La part relative de chacun de ces mécanismes d'action in vivo reste imprécise. On pourrait penser que l'action inhibitrice du rituximab sur la signalisation du BCR (157) sensibilise les cellules à l'apoptose induite par la chimiothérapie. Mais il est généralement admis que son mécanisme d'action majeur in vivo réside dans sa capacité à stimuler l'ADCC. Toutefois, la population effectrice qui serait responsable de cette réponse n'est pas encore totalement identifiée (NK, macrophages,..?).

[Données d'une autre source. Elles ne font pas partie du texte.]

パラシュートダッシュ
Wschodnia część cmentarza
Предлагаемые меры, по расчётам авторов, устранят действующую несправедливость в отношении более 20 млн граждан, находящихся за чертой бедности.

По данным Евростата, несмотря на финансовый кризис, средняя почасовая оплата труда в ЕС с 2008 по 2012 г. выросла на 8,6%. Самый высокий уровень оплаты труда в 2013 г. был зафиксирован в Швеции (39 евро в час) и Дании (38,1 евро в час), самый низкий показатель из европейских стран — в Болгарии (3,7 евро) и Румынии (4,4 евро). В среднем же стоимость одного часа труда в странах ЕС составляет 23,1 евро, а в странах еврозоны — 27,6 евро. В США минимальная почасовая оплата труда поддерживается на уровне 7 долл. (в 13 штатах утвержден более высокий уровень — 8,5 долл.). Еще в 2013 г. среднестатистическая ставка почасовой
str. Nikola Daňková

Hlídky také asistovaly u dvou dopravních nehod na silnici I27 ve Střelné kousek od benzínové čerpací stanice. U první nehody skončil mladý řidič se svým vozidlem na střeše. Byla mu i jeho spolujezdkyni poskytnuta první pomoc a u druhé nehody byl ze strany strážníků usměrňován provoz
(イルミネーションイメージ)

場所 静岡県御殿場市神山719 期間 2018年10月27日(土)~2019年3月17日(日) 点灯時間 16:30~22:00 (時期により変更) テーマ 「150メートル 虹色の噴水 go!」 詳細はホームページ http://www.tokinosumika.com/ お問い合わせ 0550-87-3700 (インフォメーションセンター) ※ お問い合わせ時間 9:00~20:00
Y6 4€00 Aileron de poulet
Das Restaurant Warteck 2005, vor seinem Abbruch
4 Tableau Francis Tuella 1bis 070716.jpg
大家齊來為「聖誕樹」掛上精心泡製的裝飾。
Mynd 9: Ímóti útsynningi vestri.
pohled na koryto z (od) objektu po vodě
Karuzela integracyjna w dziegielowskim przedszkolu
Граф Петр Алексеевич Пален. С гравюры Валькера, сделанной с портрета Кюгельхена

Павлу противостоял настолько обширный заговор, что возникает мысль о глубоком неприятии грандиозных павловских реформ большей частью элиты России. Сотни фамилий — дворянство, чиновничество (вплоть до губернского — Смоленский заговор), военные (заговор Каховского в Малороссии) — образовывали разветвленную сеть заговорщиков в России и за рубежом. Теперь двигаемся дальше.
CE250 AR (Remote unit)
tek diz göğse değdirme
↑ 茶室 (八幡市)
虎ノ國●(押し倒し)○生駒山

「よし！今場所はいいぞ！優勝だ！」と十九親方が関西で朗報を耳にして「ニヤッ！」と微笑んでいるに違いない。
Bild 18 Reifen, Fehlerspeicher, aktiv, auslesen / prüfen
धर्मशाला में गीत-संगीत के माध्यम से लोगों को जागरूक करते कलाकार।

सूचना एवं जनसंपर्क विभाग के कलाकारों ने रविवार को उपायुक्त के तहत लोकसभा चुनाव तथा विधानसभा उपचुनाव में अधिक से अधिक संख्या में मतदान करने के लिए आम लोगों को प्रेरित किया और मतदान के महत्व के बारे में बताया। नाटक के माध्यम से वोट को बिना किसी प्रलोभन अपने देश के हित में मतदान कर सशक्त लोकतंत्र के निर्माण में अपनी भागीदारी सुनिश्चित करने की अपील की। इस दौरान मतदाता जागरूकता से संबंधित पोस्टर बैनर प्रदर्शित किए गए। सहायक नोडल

Figure 10: Mode d'action des anticorps monoclonaux thérapeutiques. Les 3 modes d'action suggérés pour des anticorps tels que le rituximab sont: 1-l'effet direct, c'est à dire induction de mort par apoptose de la cellule tumorale suite à la fixation de l'anticorps sur le récepteur CD20. Cette liaison favoriserait l'inhibition de voies de signalisation impliquées dans la prolifération et la survie, comme p38/MAPK, ERK, ou NF-KB (158, 159). 2-la cytotoxicité dépendante du complément se produit grâce à la liaison de la partie Fc du rituximab à la sous-unité C1q du complément: ceci permet la fixation de l'anticorps sur le C1qR de la cellule effectrice, ce qui induit la production de CR3, molécule majeure du complément, par cette même cellule ; le complexe d'attaque membranaire qui en résulte induit la lyse de la cellule tumorale. 3-la cytotoxicité dépendante de l'anticorps (ADCC) est possible grâce à l'activation de la cellule effectrice générée par la fixation simultanée du rituximab sur le récepteur CD20 de la cellule tumorale, et sur le récepteur CD16 (FCγR) de la cellule effectrice (via son fragment Fc) ; l'effecteur ainsi activé sécrète des molécules lytiques responsables de la mort de la cellule tumorale. D'après (160).